• **Task to complete**: Exclude the pictures, then repeat exactly each line from the one containing "I’m friendly with" to the final line of the records that follow.

• **The records**:
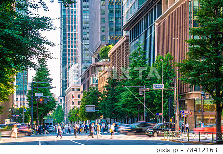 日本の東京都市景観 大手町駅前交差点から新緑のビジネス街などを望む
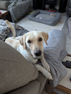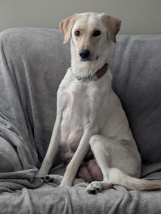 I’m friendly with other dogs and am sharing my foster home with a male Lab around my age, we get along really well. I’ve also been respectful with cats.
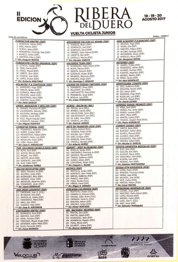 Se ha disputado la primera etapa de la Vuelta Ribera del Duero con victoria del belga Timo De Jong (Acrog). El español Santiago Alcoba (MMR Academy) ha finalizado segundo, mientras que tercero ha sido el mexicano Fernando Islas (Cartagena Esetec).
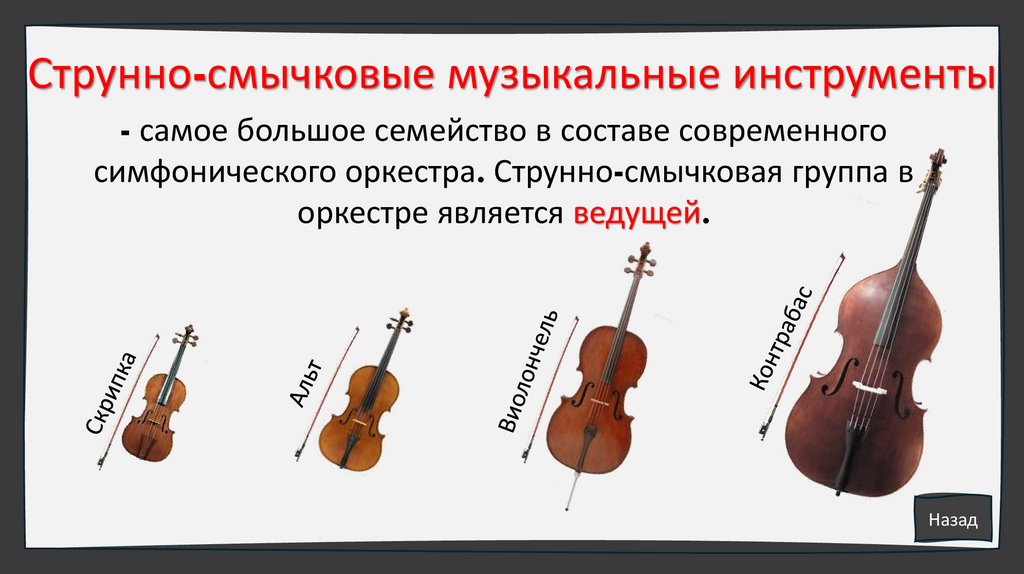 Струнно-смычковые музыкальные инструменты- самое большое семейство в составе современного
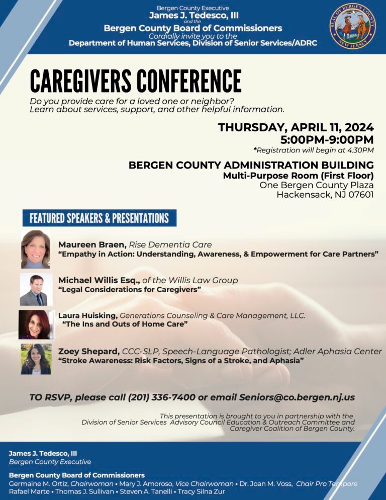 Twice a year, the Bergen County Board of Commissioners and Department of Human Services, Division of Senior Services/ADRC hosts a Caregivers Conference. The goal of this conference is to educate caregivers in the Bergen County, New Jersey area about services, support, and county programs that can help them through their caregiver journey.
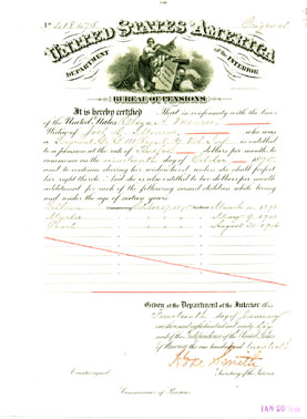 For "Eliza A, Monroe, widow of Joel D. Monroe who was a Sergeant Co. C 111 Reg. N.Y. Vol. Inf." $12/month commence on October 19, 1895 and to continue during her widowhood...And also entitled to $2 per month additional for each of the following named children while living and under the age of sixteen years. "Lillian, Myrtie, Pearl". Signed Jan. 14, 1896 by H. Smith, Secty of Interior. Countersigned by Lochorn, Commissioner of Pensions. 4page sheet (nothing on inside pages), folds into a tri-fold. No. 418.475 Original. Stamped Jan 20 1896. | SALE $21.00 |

• **Output of the exercise**:
 I’m friendly with other dogs and am sharing my foster home with a male Lab around my age, we get along really well. I’ve also been respectful with cats.
 Se ha disputado la primera etapa de la Vuelta Ribera del Duero con victoria del belga Timo De Jong (Acrog). El español Santiago Alcoba (MMR Academy) ha finalizado segundo, mientras que tercero ha sido el mexicano Fernando Islas (Cartagena Esetec).
 Струнно-смычковые музыкальные инструменты- самое большое семейство в составе современного
 Twice a year, the Bergen County Board of Commissioners and Department of Human Services, Division of Senior Services/ADRC hosts a Caregivers Conference. The goal of this conference is to educate caregivers in the Bergen County, New Jersey area about services, support, and county programs that can help them through their caregiver journey.
 For "Eliza A, Monroe, widow of Joel D. Monroe who was a Sergeant Co. C 111 Reg. N.Y. Vol. Inf." $12/month commence on October 19, 1895 and to continue during her widowhood...And also entitled to $2 per month additional for each of the following named children while living and under the age of sixteen years. "Lillian, Myrtie, Pearl". Signed Jan. 14, 1896 by H. Smith, Secty of Interior. Countersigned by Lochorn, Commissioner of Pensions. 4page sheet (nothing on inside pages), folds into a tri-fold. No. 418.475 Original. Stamped Jan 20 1896. | SALE $21.00 |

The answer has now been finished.